The new wave of on-chain science
On Bittensor, you can gear distributed compute towards precise research goals. Miners contribute to set tasks, with validators checking their contributions for quality. Rather than focusing on crowdfunding, people can leverage the protocol to perform scientific tasks, leveraging a competitive pool of miners to propel continuous progress.
The upshot: a decentralized method of actually conducting research, rather than simply a voting mechanism and a funding tool. While DAOs definitely have their place, at their core they’re a system of raising capital, rather than a machine designed for leveraging resources, generating meaningful intelligence, and powering relentless improvement.
Bittensor is an intelligence engine - point it towards the work and with the right incentive it can be done. In mid-2024, we chaperoned Bittensor's first steps into DeSci - with the launch of SN25, we showed the world how to fold proteins on-chain. Over time, we expanded it to include docking. Now, it's being designed to tackle a range of DeSci problems. Scientists see the vision, and they're supporting the creation of strict, codified and meticulous competitions that bring the type of narrow results needed in STEM - all whilst being built using open and on-chain methods.

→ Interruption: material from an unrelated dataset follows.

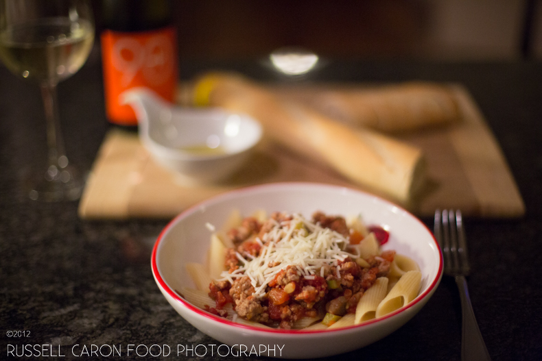 A simple meat sauce recipe uses meatball mix, pine nuts, olive oil, finely chunked tomatoes, green peppers, mushrooms, and minced garlic. Topped with Pecorino Romano, this dish is recognizable as a “grown-up” similarity to American Chop Suey.

Bittensor’s place in science
As of June 2025, a year since SN25’s launch, there are four DeSci subnets, focused on life sciences and protein folding, drug discovery, cancer research, and graph optimization problems. That’s small compared to other networks, but Bittensor functions a little differently. There’s a higher threshold for interdisciplinary knowledge - teams need a clear pathway towards breakthroughs in the scientific world, plus a strong commercial proposition and a solid grasp of Bittensor’s ecosystem, which is based on the fundamentals of game theory.

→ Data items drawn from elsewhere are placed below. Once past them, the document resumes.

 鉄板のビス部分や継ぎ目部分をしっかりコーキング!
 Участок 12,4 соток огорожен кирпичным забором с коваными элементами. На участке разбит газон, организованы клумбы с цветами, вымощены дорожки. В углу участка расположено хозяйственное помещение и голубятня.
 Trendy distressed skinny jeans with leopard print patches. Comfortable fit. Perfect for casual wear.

That’s a high bar, but the results are worth it. Mainframe exemplifies this. Our partnership with Rowan Scientific, a chemical computation startup, has led to the generation of high quality data via density-functional theory (DFT) for neural network potentials, used in bioorganic simulations. Mainframe allows Rowan to aid in drug discovery and materials science so they can train further neural network potentials, used to approximate the energy of a system of atoms.

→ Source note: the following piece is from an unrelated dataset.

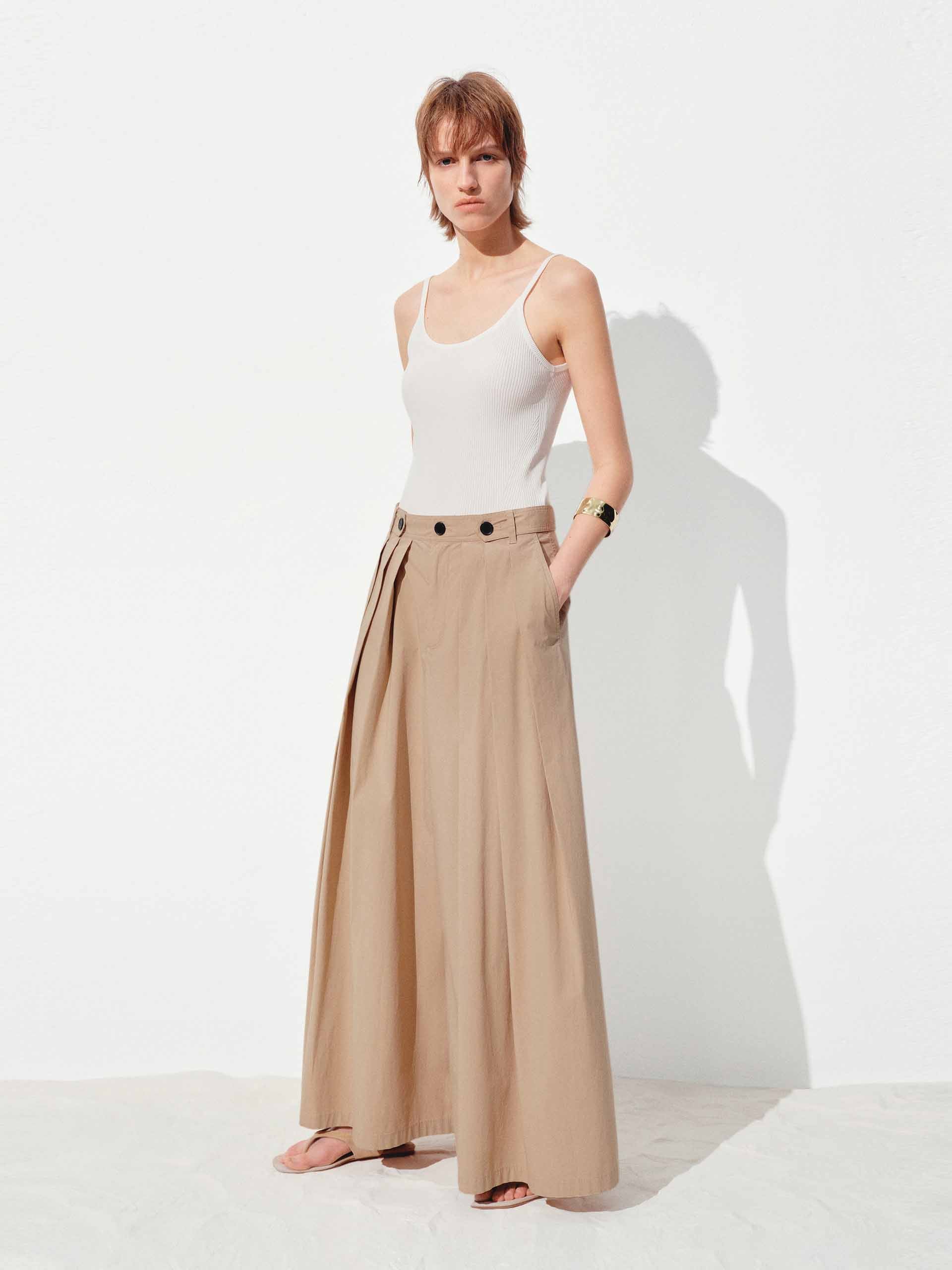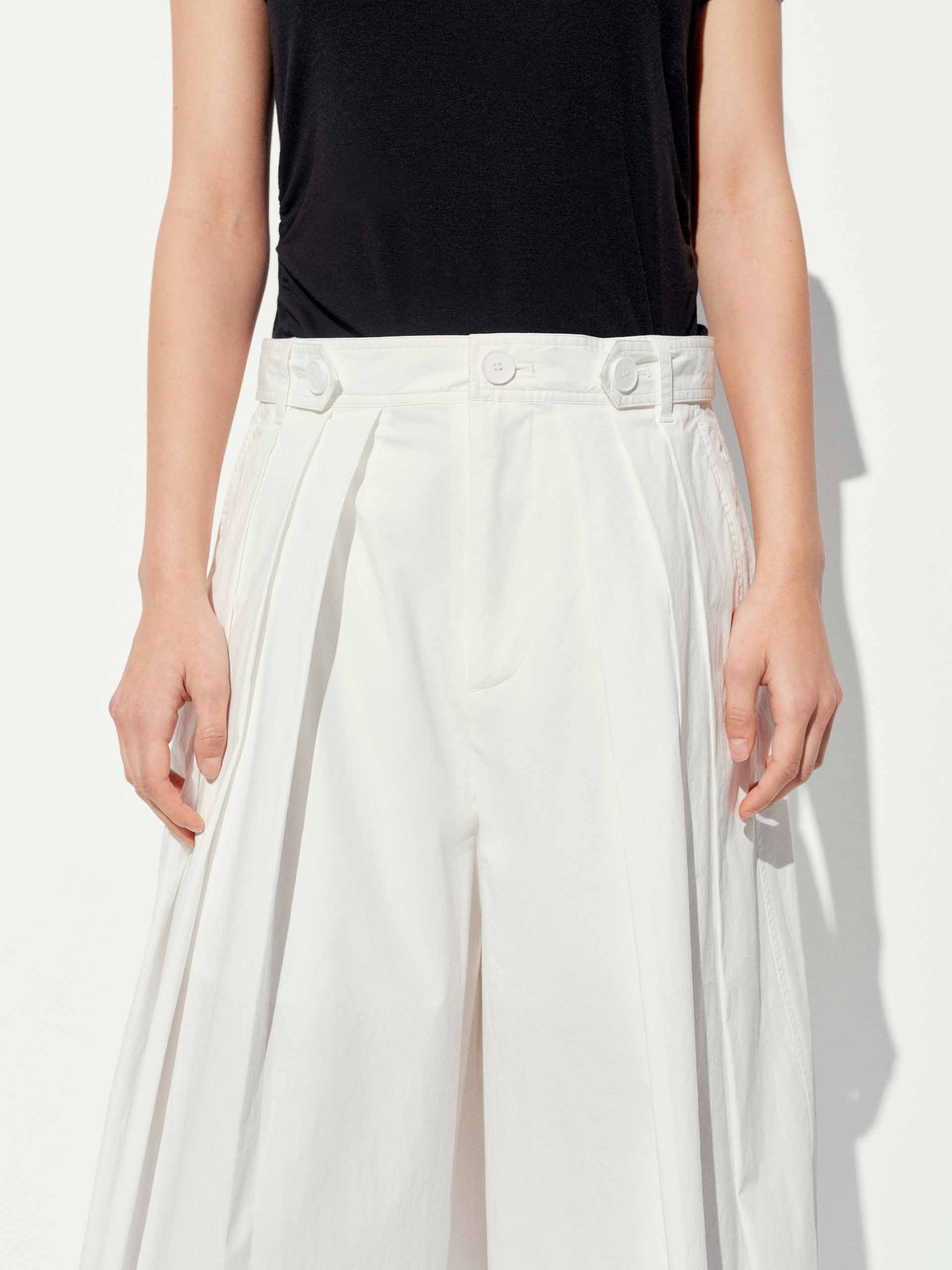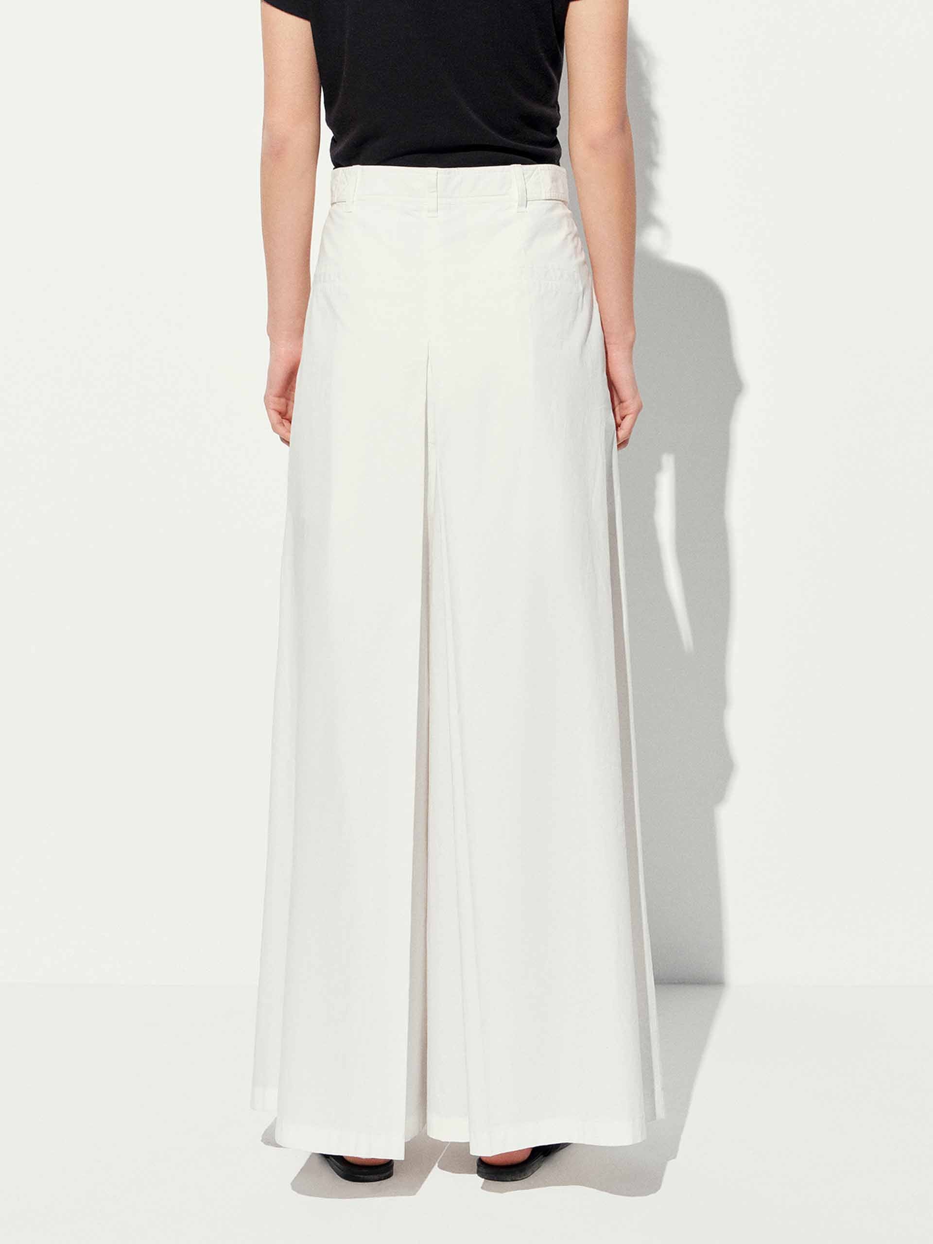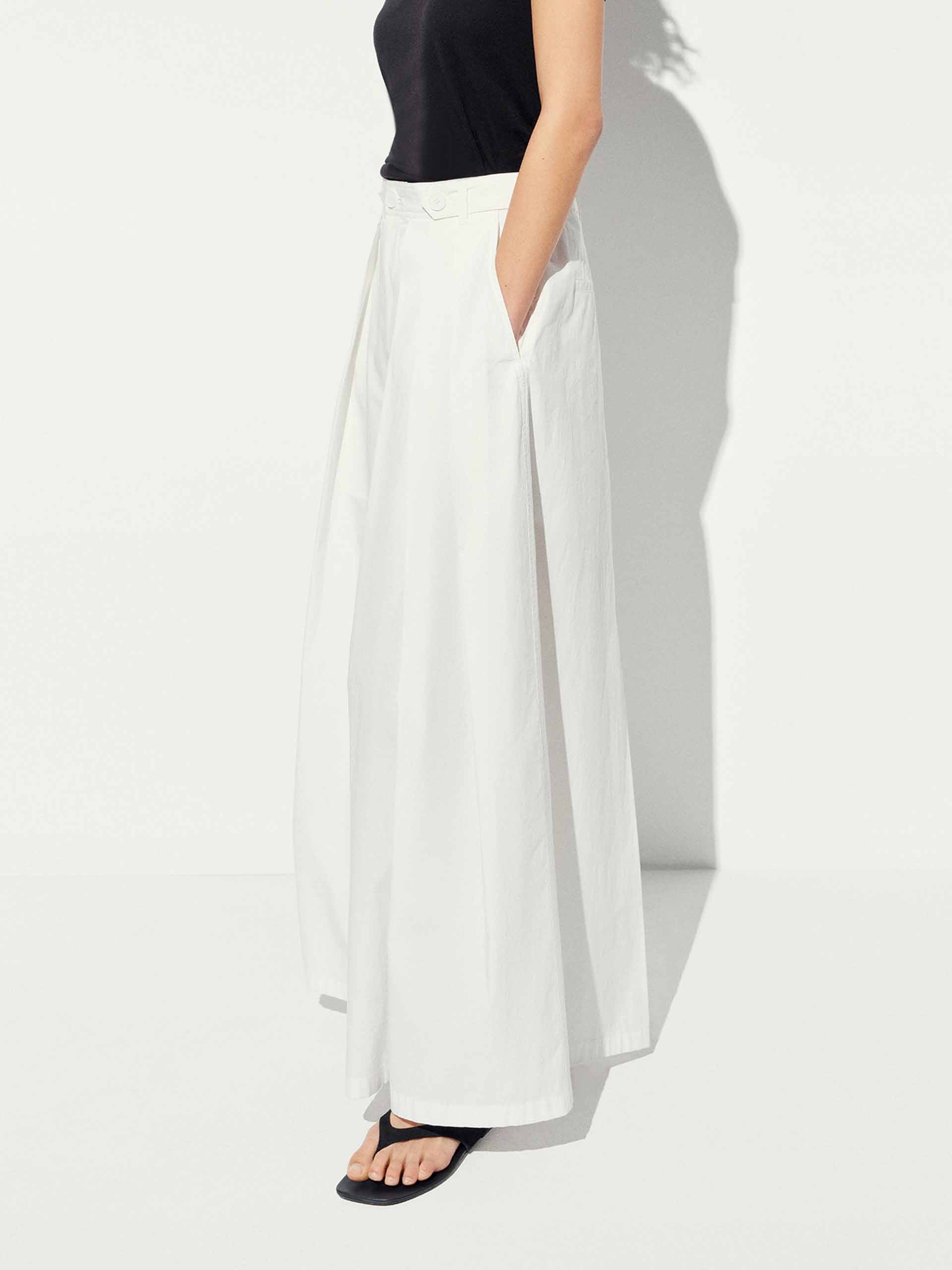 Elevate your wardrobe with these wide-leg trousers, designed to blend classic tailoring with contemporary ease. The elegant pleated detailing adds structure and movement. Thoughtful design elements like the discreet side pockets and adjustable side tabs ensure both functionality and a customized fit.

Rather than raising funds via DAOs, scientists can harness a distributed pool of miners, setting up precise competitions that incentivize the necessary computations, which in turn propels continuous change. Hands-on experience, relentless improvement.
The future of DeSci
This is just the start. Researchers see the potential in Bittensor - they’re beginning to understand that its architecture is ripe for expanding the scientific space. And what’s more, it’s not all tied to a token’s success. A subnet’s merits are related to its infrastructure, precision, and team. As Bittensor expands, expect to see more decentralized science projects emerge.
DAOs will always have a place, but researchers are coming to learn that decentralization can support their work beyond tokenization. Mainframe revealed what’s possible - and researchers are starting to notice.